With my estimable co-host on the issue of the Army using Spanish recruiting stickers – I also imagine that I’ll end up disagreeing with a lot of conservative bloggers on this issue.

See, here’s the thing – to me, it’s a smart recruiting idea to use Spanish language recruiting tools.  Like it not, this country has a large group of individuals that speak Spanish as their first language, and English as their second.  Since you can’t join the Army if you’re an illegal alien, then I don’t care what language is your first when you make the choice to defend your country.

The other reason that this is a total non-issue is because all of the military’s testing material is in English anyway, so it’s not like you could actually pass the exams or anything without a functional understanding of English.

Honestly, I don’t understand why people would care if the Army was recruiting in Spanish.  Personally, I think it’s a great idea.  The military has a proud history of giving opportunities to immigrants and their children, why should the modern generation be any different?  The important thing to see when a young kid who speaks Spanish as his first language signs up for the Army isn’t a Hispanic kid, but rather a young American making the choice to serve his country, regardless of where his parents were born.  I’d much rather be proud of that man for his decision to serve than get all upset because he doesn’t speak perfect English.

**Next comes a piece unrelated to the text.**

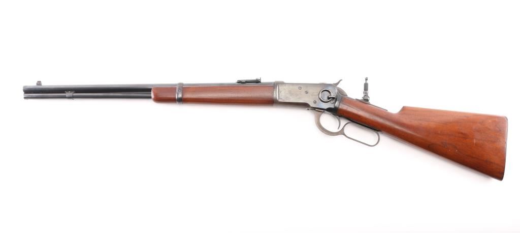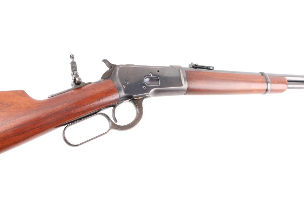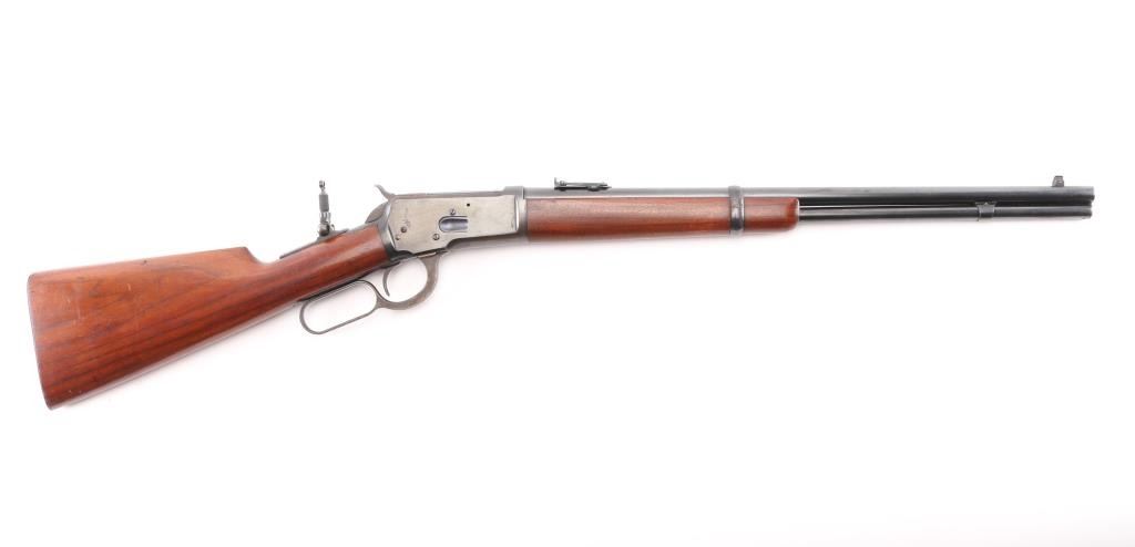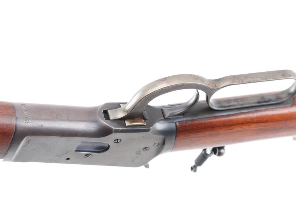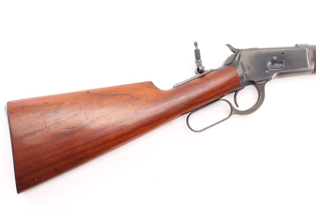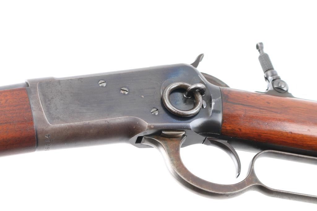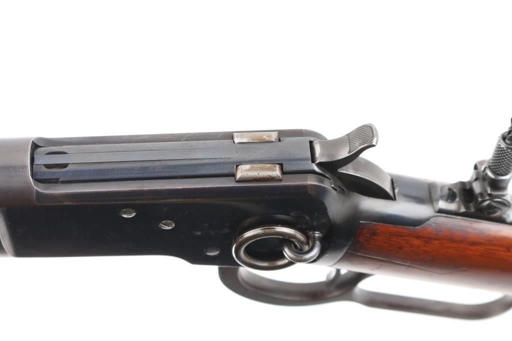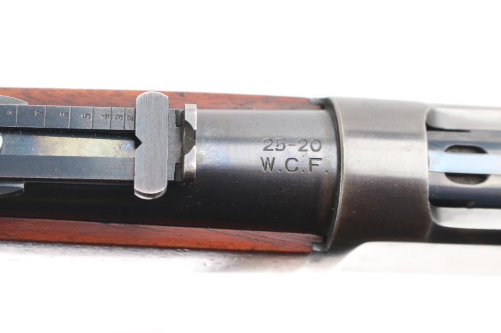 'Saddle Ring Carbine' Vintage lever action rifle manufactured circa 1903. Features 20" barrel, full length magazine tube, single barrel band, dovetailed ring bracket under barrel holds mag tube, pinned blade front sight, folding ladder rear sight, tang mounted folding adjustable peep sight, smooth walnut forend & straight wristed buttstock, shotgun butt with smooth steel buttplate. Bore is very good bright condition. Retains 70% bright original blued finish, with edge losses, scratches and some pinprick patina on receiver sides. Receiver shows a higher polish level on rear half of both sides, fading color approaching gray across bottom. Saddle ring has rubbed a ring of thinning finish. Finger lever shows dulled case color. Loading gate shows bright blue color. Wood is very good, lightly varnished, small dents & scratches, deep scratch or crack on left side at tang. Markings are sharp. Action is smooth. Includes factory letter stating 25/20 caliber carbine, Lyman front & rear sights, shotgun butt. Condition is NRA Very Good+ *** C&R Firearm ***
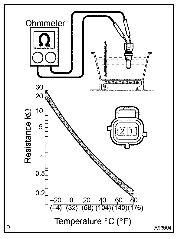 NOTE: If checking the engine coolant temperature sensor in water, be careful not to allow water to intrude into the terminals. After checking, wipe up water on the engine coolant temperature sensor. If the result is not as specified, replace the engine coolant temperature sensor.

5 thoughts on “I disagree”

  1. As long as communication isn’t a problem, I agree 100%. But you not only have to have a firm grasp of the English language, but you have to speak it well enough that on a static-saturated radio, while under enemy fire, you can direct precision close air support. Most hispanic children raised in the US are completely fluent in English, with very little accent if any.

  2. I might be upset if I were to be recruited in my native language, just to join and find out it was illegal (against policy) to speak it while conducting official business.

    Unless they’ve changed that policy in recent years, you have to speak english while conducting Army business, and you have to speak it well enough for others to understand you.

    It may not be wrong, but it’s not the smartest thing they’ve come up with. Better than “An Army of One” though. That was dumb.

  3. Just like the big push lately with advertising to get parents to be okay with their offspring’s decision to join the military, advertising in Spanish (whether directed at the potential soldier or their parents) could certainly help to get the folks behind the decision. That’s got to help recruiting.

  4. Well, actual ethnic nationalists would never* fight for an “oppressor” state, so they would never join.

    *Except for the Honky Nationalists.

  5. If it makes sense anywhere, it makes perfect sense in Puerto Rico.

    Thousands of Puerto Ricans are in the Regular Army; thousands more are in the Puerto Rican National Guard. The Regular Army Soldiers get by as best they can, often learning English in Basic Training (Basic’s hard enough without trying to learn a new language as well, so kudos to them), but the National Guard Soldiers pretty much stick to Spanish, except in “mixed” company or on the radio.